Bedlam and Beauty

There are days when you just shake your head and laugh at the doors God opens. Last week we had one of those days. A teacher from the local district events planning committee asked our music school if we would like to perform by the lake near our school during the Loi Krathong festival. A free marketing event? Of course, we accepted.

We and our students began practicing songs and trying to think of what we would do for a stage and perhaps a sound system. We originally thought a few boards on blocks with a couple speakers borrowed from the church would suffice. But not quite sure, we contacted Ricardo’s friend, Nguan. He said, “If you want to make a positive impression, you need a real stage. If you want people to pity you and donate a few dollars, then play on boards.” He helped us contact a stage owner, and before we knew it we had a semi-professional stage set up with about 20 large speakers, stage lights, and even stage smoke! Overkill, you say? Not at all! Here in Thailand, events like this must be done big or not at all.

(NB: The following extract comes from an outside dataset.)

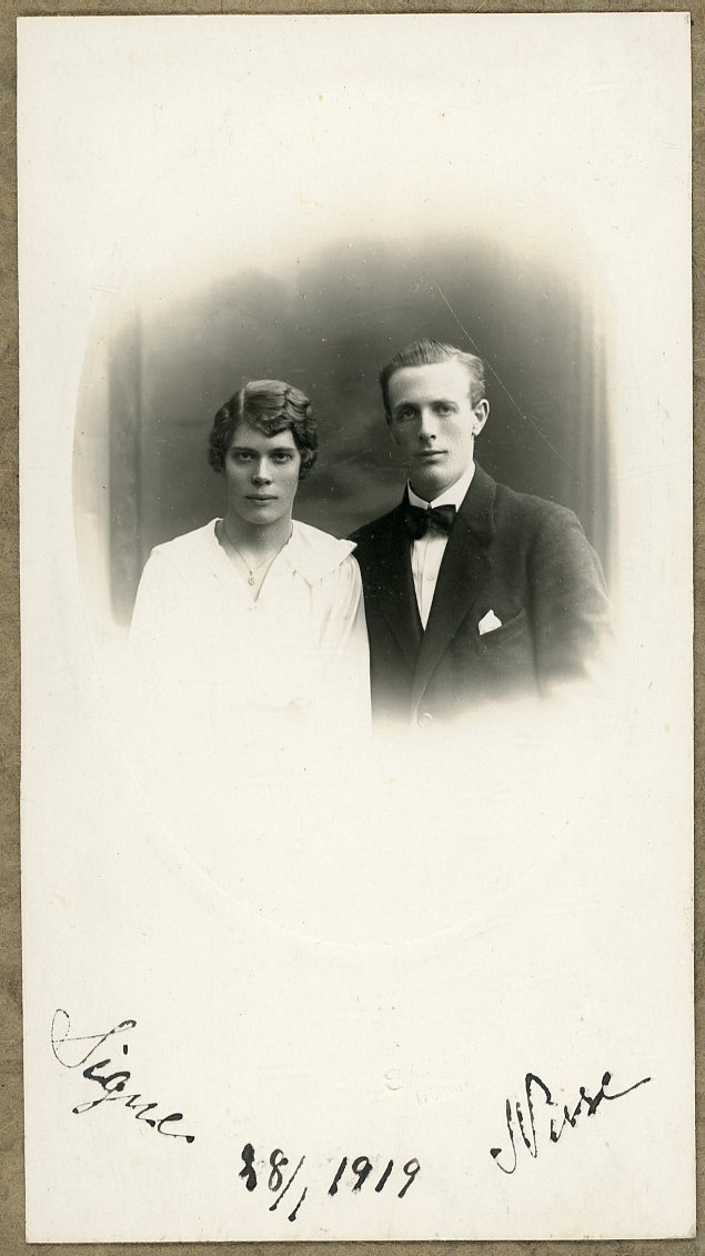 Porträtt av en kvinna och en man - troligen förlovnings/bröllopsfoto.

As it was, we planned too small. For just opposite our stage was another stage rented by a local university. It was at least three times as big and twice as loud! There were some times in our musical program that our audience had to read our lips and take it on faith that we were actually playing our instruments, because we could not be heard at all, though our speakers were turned up full blast!

However, during the breaks in our competition’s bedlam, the lovely music of Peace Music Academy was heard, and many people stopped to listen. We made many contacts that night, and gained some new students as a direct result. We also learned some valuable lessons about what it takes to make a good presentation here in Thailand—a big stage, big speakers, big faith, good program, and, oh yeah, good ear plugs!